Private Transfer Fees Now Against the Law in Washington and 20 other states
April 29th, 2011Private Transfer Fees are now against the law in Washington. Governor Chris Gregoire recently signed SB 5115: One of Washington REALTORS®’ top priorities, it eliminates fees imposed by developers to generate a future income stream whenever the property is bought and sold. Washington now joins more than 20 other states that have passed similar legislation. The bill has an emergency clause and thus, goes into effect the day the Governor signed the bill.
It seems, for the past ten years or so, developers would attach a rider to a title for a property. When the original buyer sold that property a fee was assessed and the developer received that. I think the fee in most cases was 1%. On the average house in some developments that would be about $5,000. Hundreds of homes were affected and subsequently hundreds of thousands of dollars had to be paid to developers, long since out of the project. Yet people buying their first home will go to a construction site and buy a property from the site agent, the agent paid by the seller to get a really good deal for the seller.
People, it’s time to wake up. If you are a buyer, get a buyer’s agent. That step will save you money.

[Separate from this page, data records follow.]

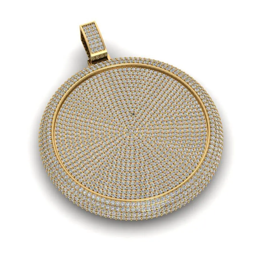 Presenting a stunning circular pendant, meticulously designed and 3D-modeled for precision. This piece features full diamond detailing, expertly set to enhance its beauty and brilliance. The design combines timeless elegance with modern craftsmanship, making it a perfect choice for both everyday elegance and special occasions. Crafted with attention to detail, it offers a luxurious touch, with diamonds that sparkle from every angle. Additionally, this pendant has a customizable center, allowing you to add your own engraving or text, making it a truly personal piece. A must-have for those who appreciate sophistication and luxury in their jewelry collection.Let me know if you'd like any further adjustments!
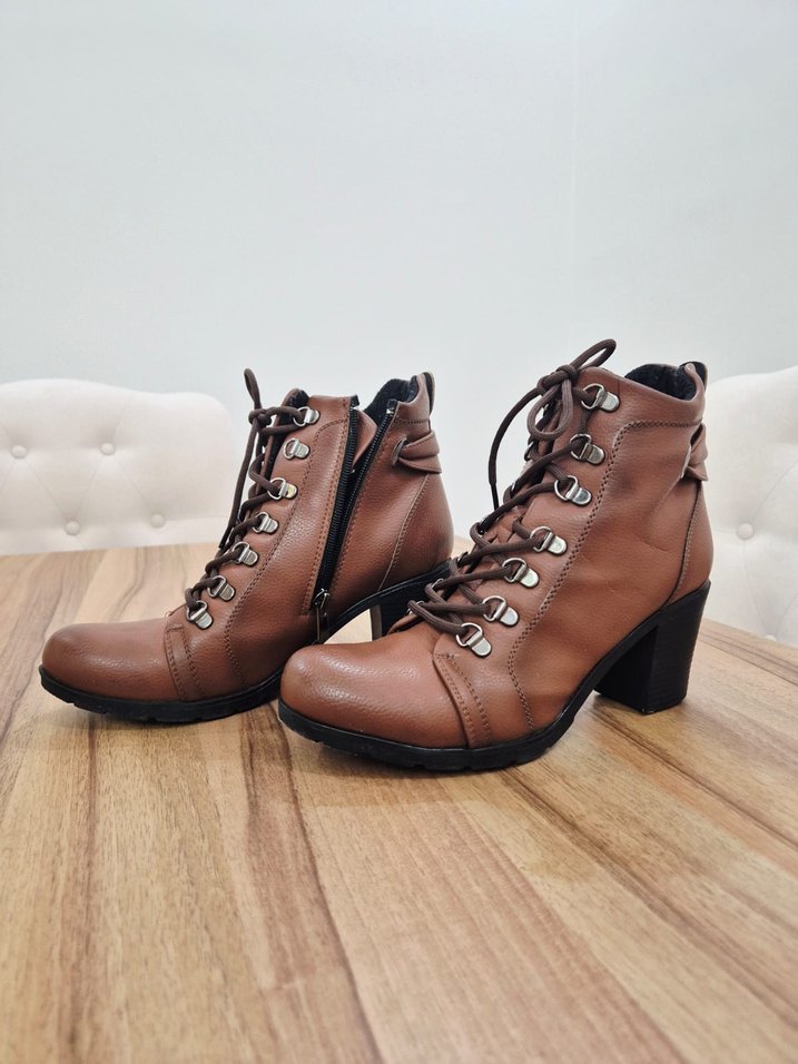 Kahverengi deri, tok topuklu ve tokalı detaylara sahip kadın botları. Parlak ve desensiz, bağcıklı ön ve yan fermuarlı günlük kullanıma uygun. sayili kullanıldı Topuklu giyemediğim için kullanamadim sıfırdan farksız
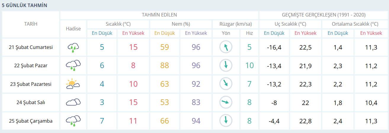 Beş günlük tahmine bakıldığında ise yağışlı ve serin havanın aralıklarla etkisini sürdüreceği görülüyor. Haftanın ilk gününde en düşük sıcaklık 5, en yüksek sıcaklık 15 derece civarında beklenirken nem oranı yüksek seyrediyor ve sağanak geçişleri öne çıkıyor. Pazar günü sıcaklıkların düşerek 6–8 derece aralığında kalması ve yağışın devam etmesi öngörülüyor. Pazartesi günü parçalı bulutlu bir gökyüzüyle birlikte sıcaklıkların 10 dereceye kadar yükselmesi bekleniyor. Salı günü yeniden 15 dereceye ulaşan değerler dikkat çekerken bulutlu bir hava tahmin ediliyor. Çarşamba günü ise yağışın tekrar etkili olması ve sıcaklıkların 7 ila 11 derece arasında değişmesi bekleniyor.
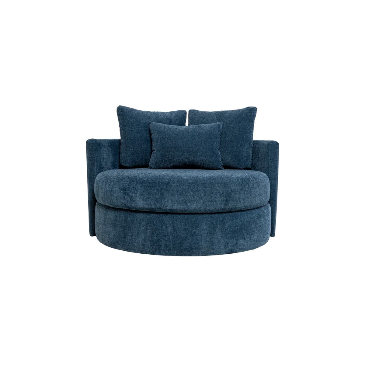Olive may be small in scale, but it packs a powerful punch in design. We made Olive with two symmetrical semi-circular upholstered panels that meet at the back, leaving a subtle space in between. The Olive boasts a generous 7” thick crowned foam and fibre seat cushion and an extra supportive kidney pillow for the small, while the larger size comes with two rectangular toss and a kidney pillow. Take Olive for a spin today…it is after all, a swivel chair!
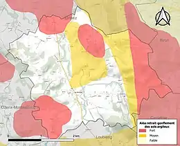 Le retrait-gonflement des sols argileux est susceptible d'engendrer des dommages importants aux bâtiments en cas d’alternance de périodes de sécheresse et de pluie[28]. 49,4 % de la superficie communale est en aléa moyen ou fort (59 % au niveau départemental et 48,5 % au niveau national)[Carte 4]. Depuis le , en application de la loi ELAN, différentes contraintes s'imposent aux vendeurs, maîtres d'ouvrages ou constructeurs de biens situés dans une zone classée en aléa moyen ou fort[Note 7],[29].
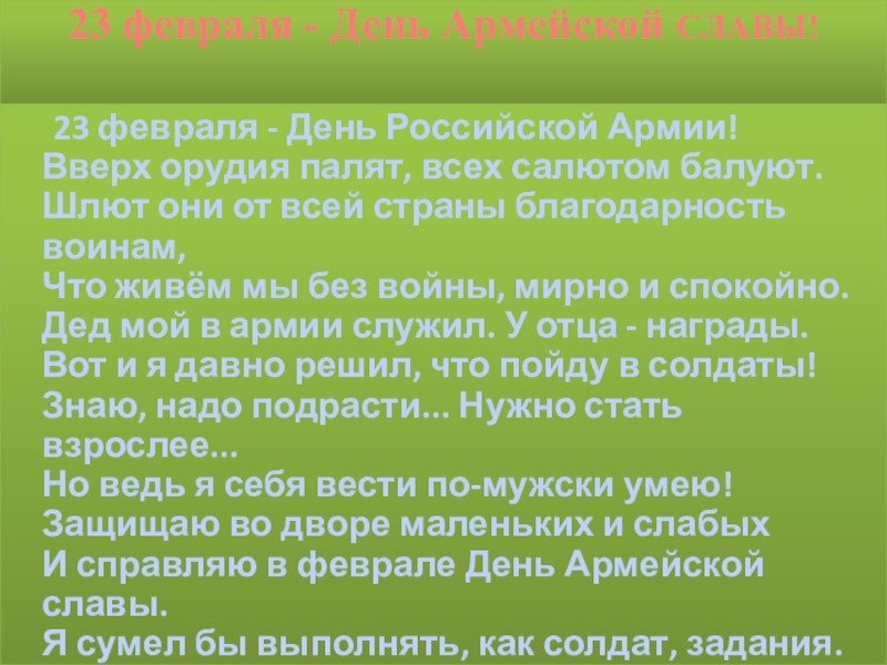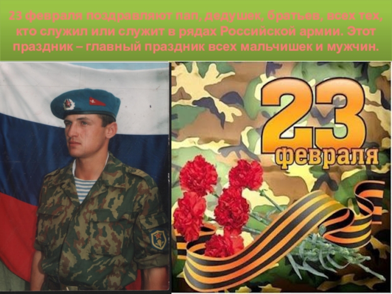 служит в рядах Российской армии. Этот праздник – главный праздник всех мальчишек и мужчин.

How Much Will Zillow Cost You?
April 26th, 2011How much will Zillow add to the cost of a home. You may wonder why I ask that. Doesn’t seem to make sense. Well, here’s the scoop from my point of view.
It costs so much to run a real estate business. That fluctuates slightly and has trended down over the last few years. You may argue that particular instances cost less but discount companies have come and for the most part gone or revised their business model to look a lot like other, stable companies. It’s called the cost of doing business.
So what is Zillow doing that will raise the cost to you, the consumer? Two things for starters. First: They are in the news making an effort to raise $52,000,000 in an IPO. And Second: They have a new landing page.

It looks very much like Zillow wants to be the place where you go to look for a house AND it looks like Zillow wants to be the place you go to get a home loan. And, because of their funky Zestimates and Zest-a-rents they have captured a large share of the viewing public. They don’t claim that they are very accurate. They just found a way to give the public something for nothing, and the public bought in.
But why do I keep saying it will cost home buyers and sellers more now? Isn’t Zillow free? Yes, my friends Zillow is free for you. But Zillow will be directing you with advertising to agents and lenders who pay Zillow to feature those agents and lenders on the site. And how do agents and lenders stay in business? They pass the cost of doing business on the their customers.
What can you do?
You can use the Zillow model if you want and you can think you are getting a discount, because it may say you are getting a discount, but someone has to pay for the advertising, and we know who that will be.
How’s That Again? The Appraisal Fee is What?
April 17th, 2011Over the past few years, the housing market has been pretty well shaken up. Blame was assigned here and there and there were many advocates stomping around trying to help the consumer. One such effort was designed to find a way to keep banks and appraisers from coming up with bogus appraisals.
So I recommend reading Kenneth Harney’s article Housing: Appraisal Fees Fatten Lenders; why it matters. IT seems to me that the banks threatened the appraisers with no work if they didn’t come in with the right values back in 2004-2007, and then when the crush came blamed the appraisers for what they forced them to do. Now the “clearing house” filter to keep banks and appraisers at arms length is working against the appraiser (they make less on each appraisal) and in favor of the banks (they charge what they want because so few people question the charges).
Read the article. Be proactive and question all of the fees on the settlement station. You deserve to know where you money is going and why.